GOAL OF THE EXERCISE:
These records are to be written out exactly as they read, minus the pictures.

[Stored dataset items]
------------------------------------------------------------

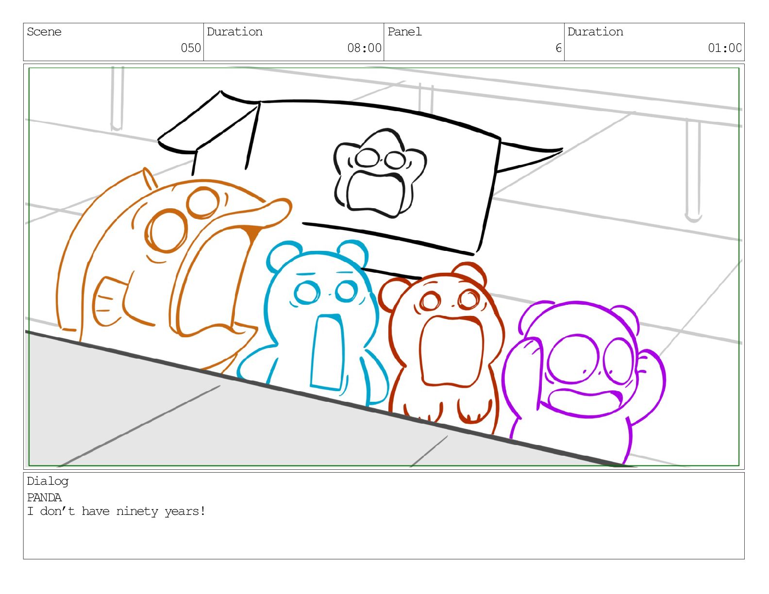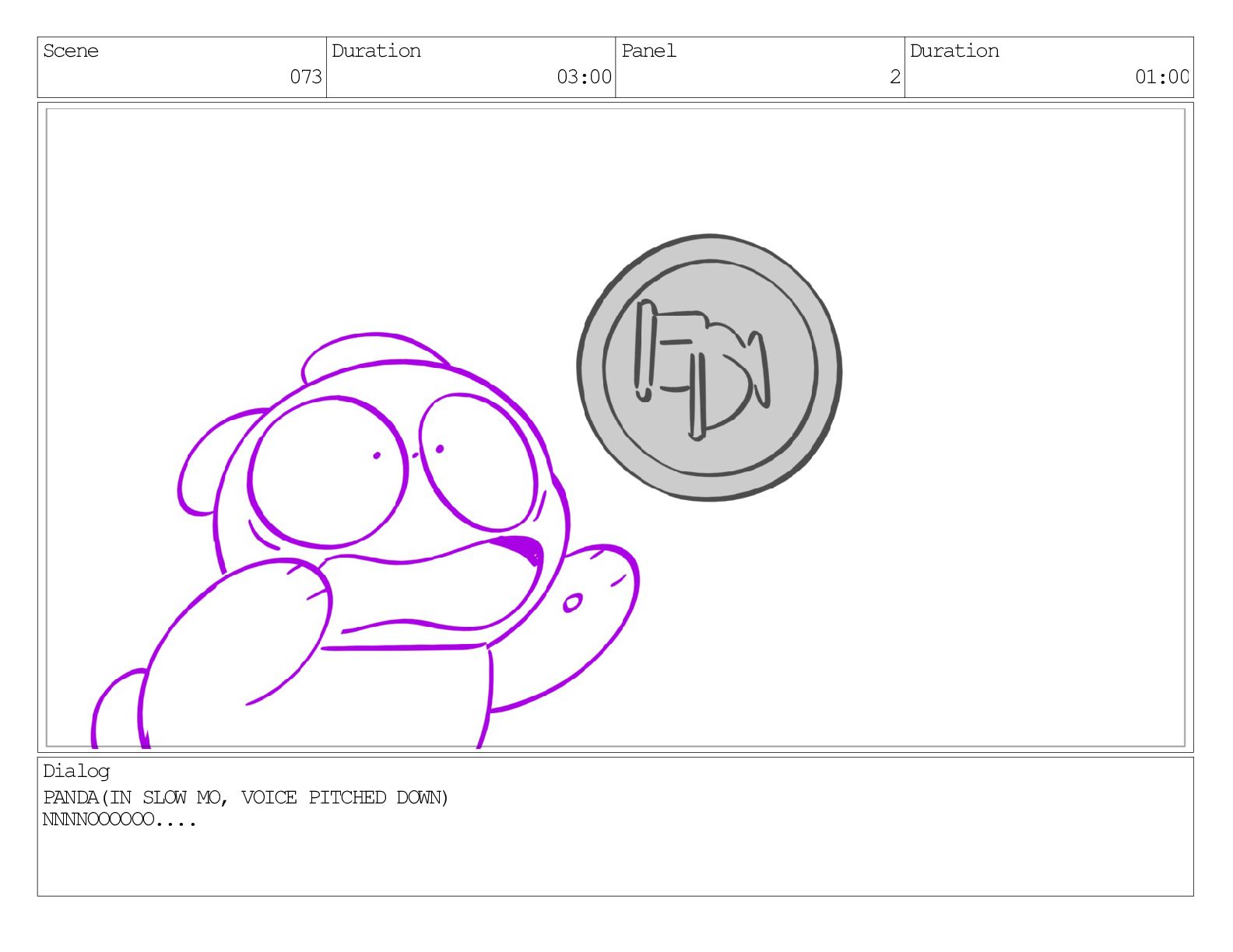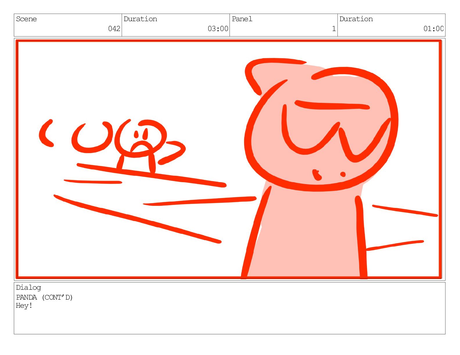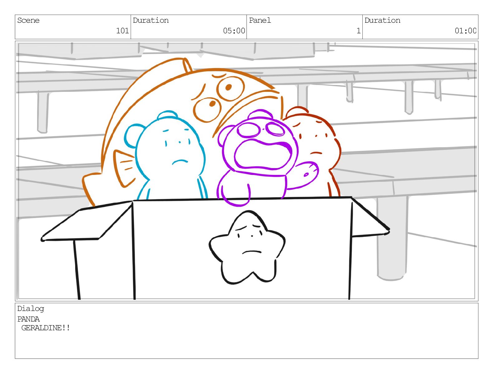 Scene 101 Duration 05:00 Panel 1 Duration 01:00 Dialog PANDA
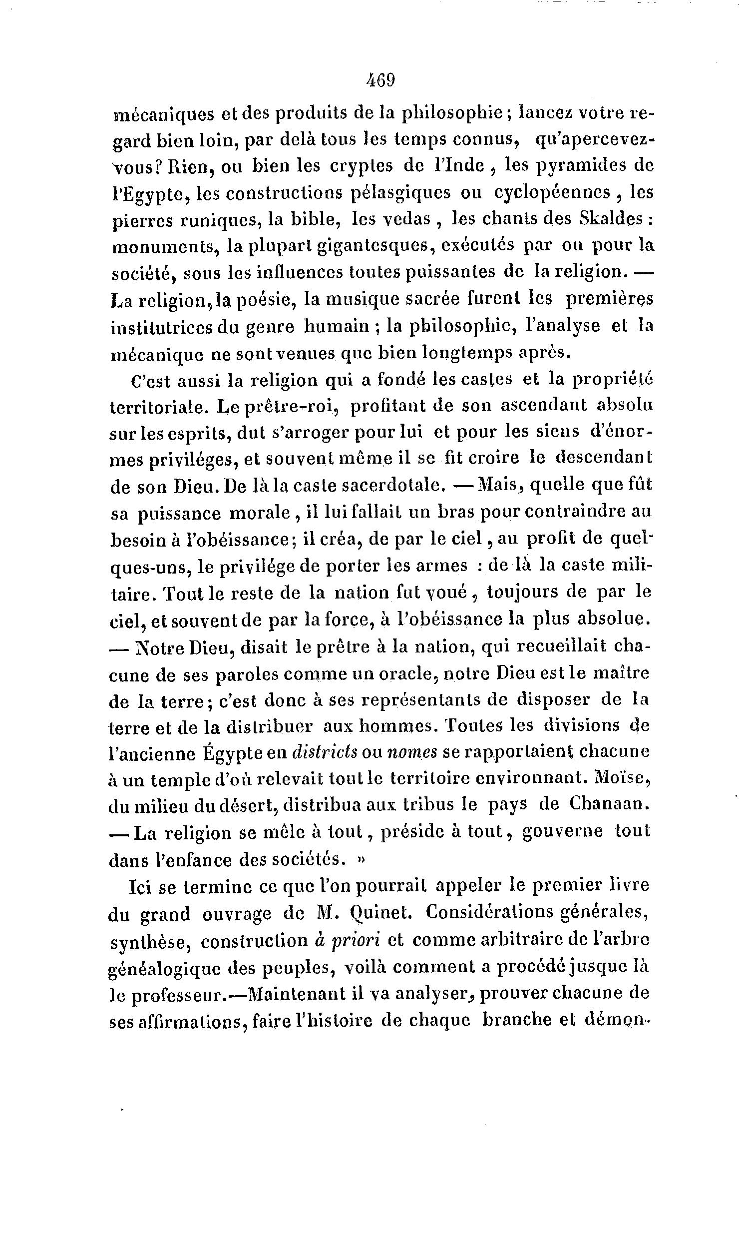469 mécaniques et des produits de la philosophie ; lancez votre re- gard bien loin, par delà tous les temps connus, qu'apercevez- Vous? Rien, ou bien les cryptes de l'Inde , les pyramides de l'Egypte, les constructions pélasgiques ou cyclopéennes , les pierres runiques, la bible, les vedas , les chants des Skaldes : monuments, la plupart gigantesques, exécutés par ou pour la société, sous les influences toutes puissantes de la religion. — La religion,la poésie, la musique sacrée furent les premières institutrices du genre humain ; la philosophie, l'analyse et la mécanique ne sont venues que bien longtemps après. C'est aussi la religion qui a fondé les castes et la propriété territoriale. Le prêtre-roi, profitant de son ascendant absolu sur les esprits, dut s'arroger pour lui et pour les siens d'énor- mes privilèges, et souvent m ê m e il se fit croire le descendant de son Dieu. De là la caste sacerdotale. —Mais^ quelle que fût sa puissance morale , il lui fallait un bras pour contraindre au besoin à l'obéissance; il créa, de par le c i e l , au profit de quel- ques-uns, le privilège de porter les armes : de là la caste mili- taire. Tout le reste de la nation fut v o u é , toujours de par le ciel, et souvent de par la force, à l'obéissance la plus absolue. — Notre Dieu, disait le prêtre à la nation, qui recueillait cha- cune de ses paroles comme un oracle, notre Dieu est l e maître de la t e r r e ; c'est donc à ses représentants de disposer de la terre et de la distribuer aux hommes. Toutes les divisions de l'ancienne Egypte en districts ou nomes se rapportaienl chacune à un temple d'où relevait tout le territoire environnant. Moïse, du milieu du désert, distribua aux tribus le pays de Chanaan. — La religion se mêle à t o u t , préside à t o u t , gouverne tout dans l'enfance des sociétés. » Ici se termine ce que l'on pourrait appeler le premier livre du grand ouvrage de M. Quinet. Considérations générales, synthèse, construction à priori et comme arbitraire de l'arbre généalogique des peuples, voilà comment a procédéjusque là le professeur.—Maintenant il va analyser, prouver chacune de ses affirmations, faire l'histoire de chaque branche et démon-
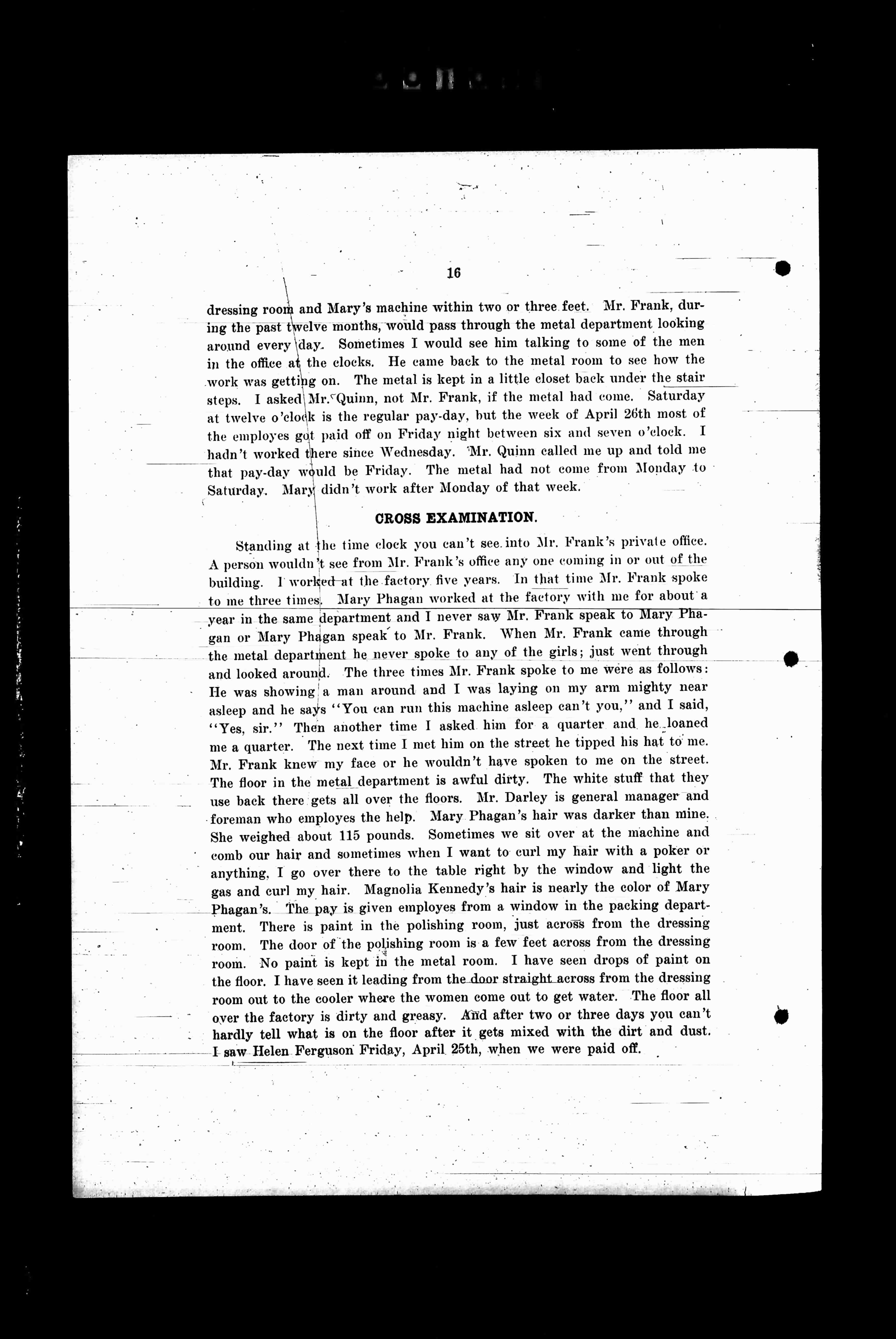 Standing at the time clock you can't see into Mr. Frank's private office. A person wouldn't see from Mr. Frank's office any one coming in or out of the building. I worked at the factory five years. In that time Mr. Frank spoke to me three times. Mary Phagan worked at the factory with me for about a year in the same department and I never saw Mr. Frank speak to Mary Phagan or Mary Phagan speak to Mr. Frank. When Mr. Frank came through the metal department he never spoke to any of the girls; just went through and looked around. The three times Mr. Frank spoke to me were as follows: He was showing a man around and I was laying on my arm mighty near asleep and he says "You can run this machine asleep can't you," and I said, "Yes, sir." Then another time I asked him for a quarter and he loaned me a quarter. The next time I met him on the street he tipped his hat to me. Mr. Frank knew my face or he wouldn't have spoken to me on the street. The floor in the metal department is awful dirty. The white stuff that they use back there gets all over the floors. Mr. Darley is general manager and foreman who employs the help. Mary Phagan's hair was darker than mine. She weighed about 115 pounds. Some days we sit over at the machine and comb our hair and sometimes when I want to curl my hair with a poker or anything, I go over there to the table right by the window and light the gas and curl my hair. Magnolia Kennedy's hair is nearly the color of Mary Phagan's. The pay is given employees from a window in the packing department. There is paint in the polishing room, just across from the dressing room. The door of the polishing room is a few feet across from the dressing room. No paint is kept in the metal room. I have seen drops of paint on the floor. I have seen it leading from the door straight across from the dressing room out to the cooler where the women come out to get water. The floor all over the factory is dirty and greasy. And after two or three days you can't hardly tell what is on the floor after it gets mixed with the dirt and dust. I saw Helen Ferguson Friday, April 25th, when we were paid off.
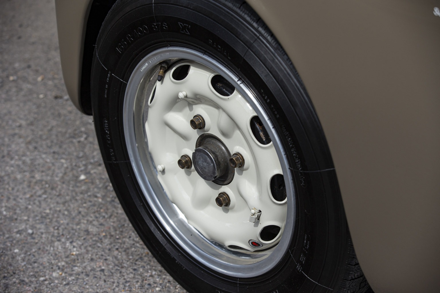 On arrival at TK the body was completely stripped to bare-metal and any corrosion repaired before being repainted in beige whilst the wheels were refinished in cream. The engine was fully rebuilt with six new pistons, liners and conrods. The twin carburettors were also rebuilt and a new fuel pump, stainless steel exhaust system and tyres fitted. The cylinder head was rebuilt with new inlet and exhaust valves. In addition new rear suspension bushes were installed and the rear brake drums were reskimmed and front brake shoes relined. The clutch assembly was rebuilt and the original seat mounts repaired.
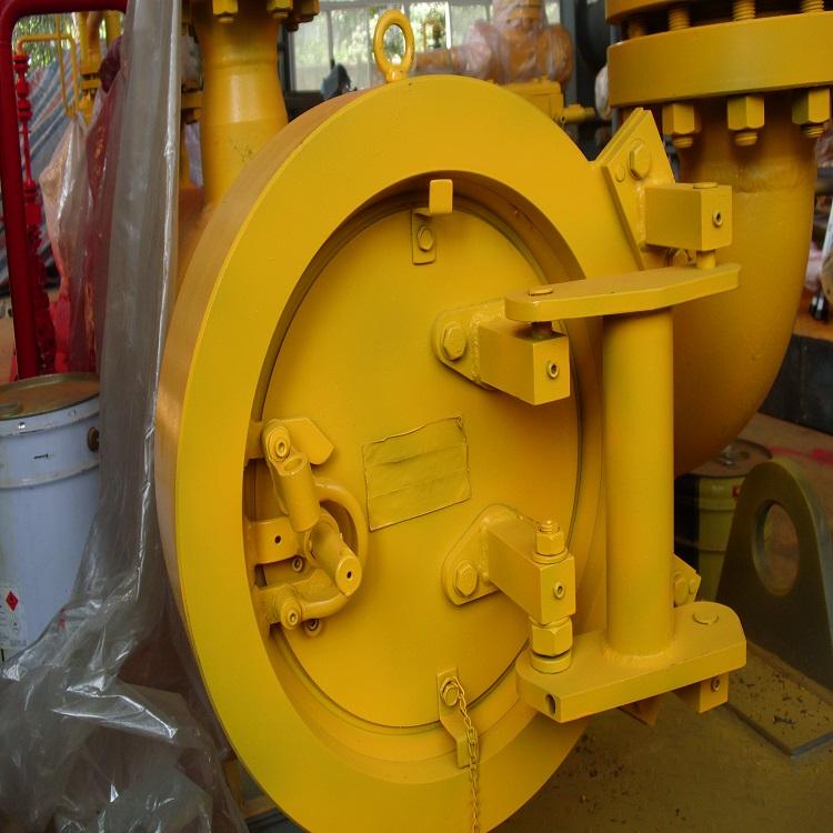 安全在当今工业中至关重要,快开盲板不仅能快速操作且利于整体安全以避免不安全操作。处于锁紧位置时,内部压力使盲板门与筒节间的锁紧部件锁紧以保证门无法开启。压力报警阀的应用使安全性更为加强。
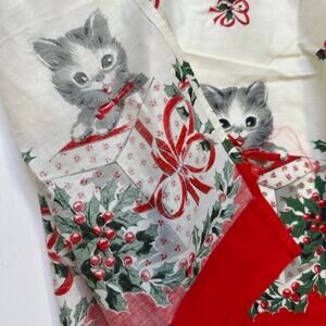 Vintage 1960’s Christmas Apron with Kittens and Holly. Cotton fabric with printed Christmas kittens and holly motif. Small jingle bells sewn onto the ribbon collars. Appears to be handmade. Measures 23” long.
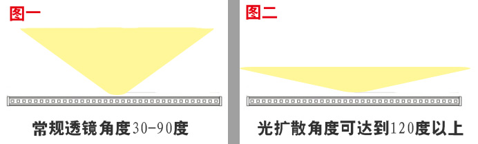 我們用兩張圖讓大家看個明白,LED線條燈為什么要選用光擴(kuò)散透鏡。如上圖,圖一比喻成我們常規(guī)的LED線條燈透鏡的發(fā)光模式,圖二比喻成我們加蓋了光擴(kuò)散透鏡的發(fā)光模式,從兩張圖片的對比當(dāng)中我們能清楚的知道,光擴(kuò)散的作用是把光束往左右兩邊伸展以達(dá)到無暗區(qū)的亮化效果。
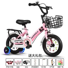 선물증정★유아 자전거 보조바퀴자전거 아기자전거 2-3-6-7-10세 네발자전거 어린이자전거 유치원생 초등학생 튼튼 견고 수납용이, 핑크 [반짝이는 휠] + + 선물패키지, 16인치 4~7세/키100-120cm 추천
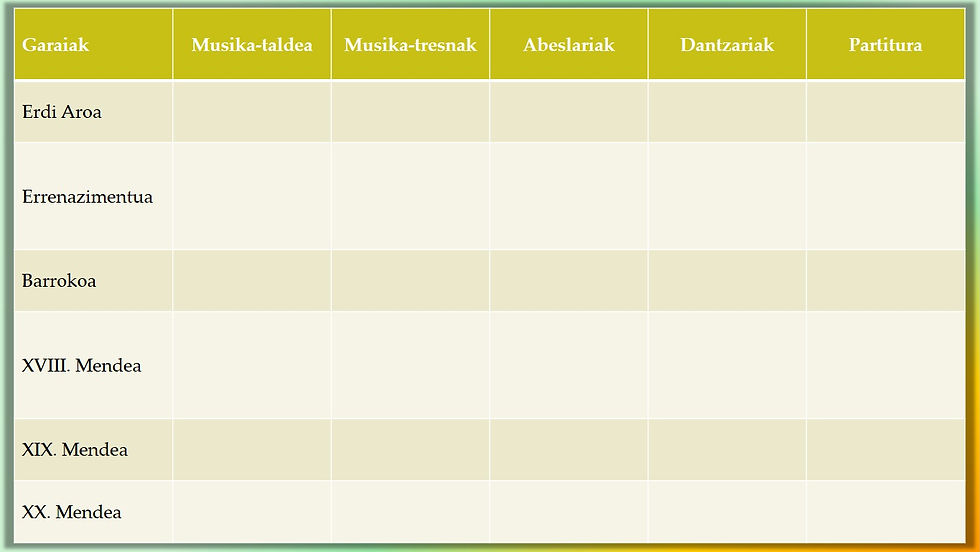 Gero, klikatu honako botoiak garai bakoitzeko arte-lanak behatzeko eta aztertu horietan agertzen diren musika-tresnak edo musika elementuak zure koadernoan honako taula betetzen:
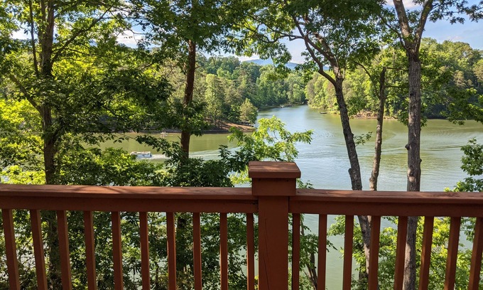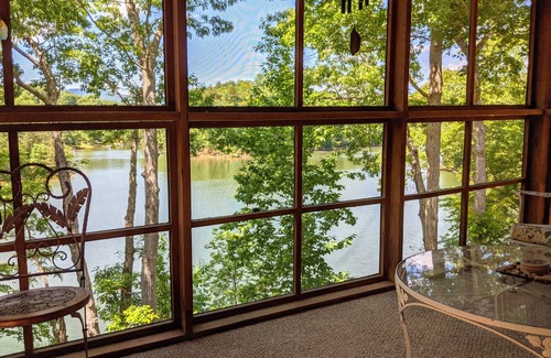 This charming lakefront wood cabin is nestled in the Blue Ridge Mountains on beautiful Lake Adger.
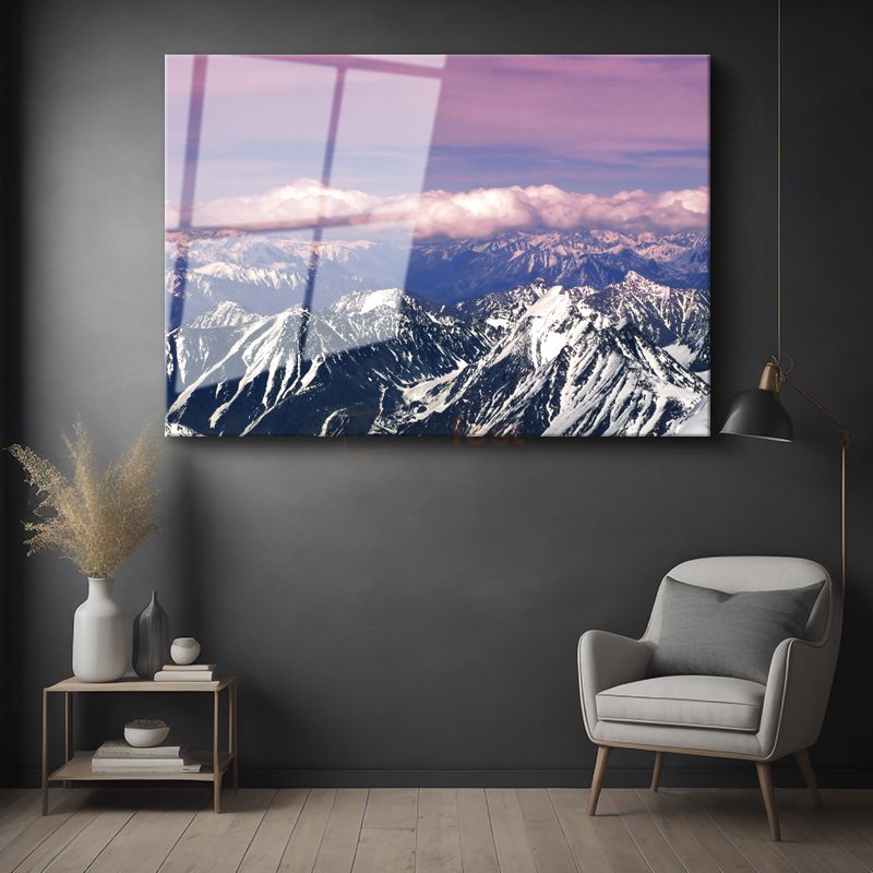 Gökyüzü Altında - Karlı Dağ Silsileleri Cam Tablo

------------------------------------------------------------

SOLUTION:
 Scene 101 Duration 05:00 Panel 1 Duration 01:00 Dialog PANDA
469 mécaniques et des produits de la philosophie ; lancez votre re- gard bien loin, par delà tous les temps connus, qu'apercevez- Vous? Rien, ou bien les cryptes de l'Inde , les pyramides de l'Egypte, les constructions pélasgiques ou cyclopéennes , les pierres runiques, la bible, les vedas , les chants des Skaldes : monuments, la plupart gigantesques, exécutés par ou pour la société, sous les influences toutes puissantes de la religion. — La religion,la poésie, la musique sacrée furent les premières institutrices du genre humain ; la philosophie, l'analyse et la mécanique ne sont venues que bien longtemps après. C'est aussi la religion qui a fondé les castes et la propriété territoriale. Le prêtre-roi, profitant de son ascendant absolu sur les esprits, dut s'arroger pour lui et pour les siens d'énor- mes privilèges, et souvent m ê m e il se fit croire le descendant de son Dieu. De là la caste sacerdotale. —Mais^ quelle que fût sa puissance morale , il lui fallait un bras pour contraindre au besoin à l'obéissance; il créa, de par le c i e l , au profit de quel- ques-uns, le privilège de porter les armes : de là la caste mili- taire. Tout le reste de la nation fut v o u é , toujours de par le ciel, et souvent de par la force, à l'obéissance la plus absolue. — Notre Dieu, disait le prêtre à la nation, qui recueillait cha- cune de ses paroles comme un oracle, notre Dieu est l e maître de la t e r r e ; c'est donc à ses représentants de disposer de la terre et de la distribuer aux hommes. Toutes les divisions de l'ancienne Egypte en districts ou nomes se rapportaienl chacune à un temple d'où relevait tout le territoire environnant. Moïse, du milieu du désert, distribua aux tribus le pays de Chanaan. — La religion se mêle à t o u t , préside à t o u t , gouverne tout dans l'enfance des sociétés. » Ici se termine ce que l'on pourrait appeler le premier livre du grand ouvrage de M. Quinet. Considérations générales, synthèse, construction à priori et comme arbitraire de l'arbre généalogique des peuples, voilà comment a procédéjusque là le professeur.—Maintenant il va analyser, prouver chacune de ses affirmations, faire l'histoire de chaque branche et démon-
 Standing at the time clock you can't see into Mr. Frank's private office. A person wouldn't see from Mr. Frank's office any one coming in or out of the building. I worked at the factory five years. In that time Mr. Frank spoke to me three times. Mary Phagan worked at the factory with me for about a year in the same department and I never saw Mr. Frank speak to Mary Phagan or Mary Phagan speak to Mr. Frank. When Mr. Frank came through the metal department he never spoke to any of the girls; just went through and looked around. The three times Mr. Frank spoke to me were as follows: He was showing a man around and I was laying on my arm mighty near asleep and he says "You can run this machine asleep can't you," and I said, "Yes, sir." Then another time I asked him for a quarter and he loaned me a quarter. The next time I met him on the street he tipped his hat to me. Mr. Frank knew my face or he wouldn't have spoken to me on the street. The floor in the metal department is awful dirty. The white stuff that they use back there gets all over the floors. Mr. Darley is general manager and foreman who employs the help. Mary Phagan's hair was darker than mine. She weighed about 115 pounds. Some days we sit over at the machine and comb our hair and sometimes when I want to curl my hair with a poker or anything, I go over there to the table right by the window and light the gas and curl my hair. Magnolia Kennedy's hair is nearly the color of Mary Phagan's. The pay is given employees from a window in the packing department. There is paint in the polishing room, just across from the dressing room. The door of the polishing room is a few feet across from the dressing room. No paint is kept in the metal room. I have seen drops of paint on the floor. I have seen it leading from the door straight across from the dressing room out to the cooler where the women come out to get water. The floor all over the factory is dirty and greasy. And after two or three days you can't hardly tell what is on the floor after it gets mixed with the dirt and dust. I saw Helen Ferguson Friday, April 25th, when we were paid off.
 On arrival at TK the body was completely stripped to bare-metal and any corrosion repaired before being repainted in beige whilst the wheels were refinished in cream. The engine was fully rebuilt with six new pistons, liners and conrods. The twin carburettors were also rebuilt and a new fuel pump, stainless steel exhaust system and tyres fitted. The cylinder head was rebuilt with new inlet and exhaust valves. In addition new rear suspension bushes were installed and the rear brake drums were reskimmed and front brake shoes relined. The clutch assembly was rebuilt and the original seat mounts repaired.
 安全在当今工业中至关重要,快开盲板不仅能快速操作且利于整体安全以避免不安全操作。处于锁紧位置时,内部压力使盲板门与筒节间的锁紧部件锁紧以保证门无法开启。压力报警阀的应用使安全性更为加强。
 Vintage 1960’s Christmas Apron with Kittens and Holly. Cotton fabric with printed Christmas kittens and holly motif. Small jingle bells sewn onto the ribbon collars. Appears to be handmade. Measures 23” long.
 我們用兩張圖讓大家看個明白,LED線條燈為什么要選用光擴(kuò)散透鏡。如上圖,圖一比喻成我們常規(guī)的LED線條燈透鏡的發(fā)光模式,圖二比喻成我們加蓋了光擴(kuò)散透鏡的發(fā)光模式,從兩張圖片的對比當(dāng)中我們能清楚的知道,光擴(kuò)散的作用是把光束往左右兩邊伸展以達(dá)到無暗區(qū)的亮化效果。
 선물증정★유아 자전거 보조바퀴자전거 아기자전거 2-3-6-7-10세 네발자전거 어린이자전거 유치원생 초등학생 튼튼 견고 수납용이, 핑크 [반짝이는 휠] + + 선물패키지, 16인치 4~7세/키100-120cm 추천
 Gero, klikatu honako botoiak garai bakoitzeko arte-lanak behatzeko eta aztertu horietan agertzen diren musika-tresnak edo musika elementuak zure koadernoan honako taula betetzen:
 This charming lakefront wood cabin is nestled in the Blue Ridge Mountains on beautiful Lake Adger.
 Gökyüzü Altında - Karlı Dağ Silsileleri Cam Tablo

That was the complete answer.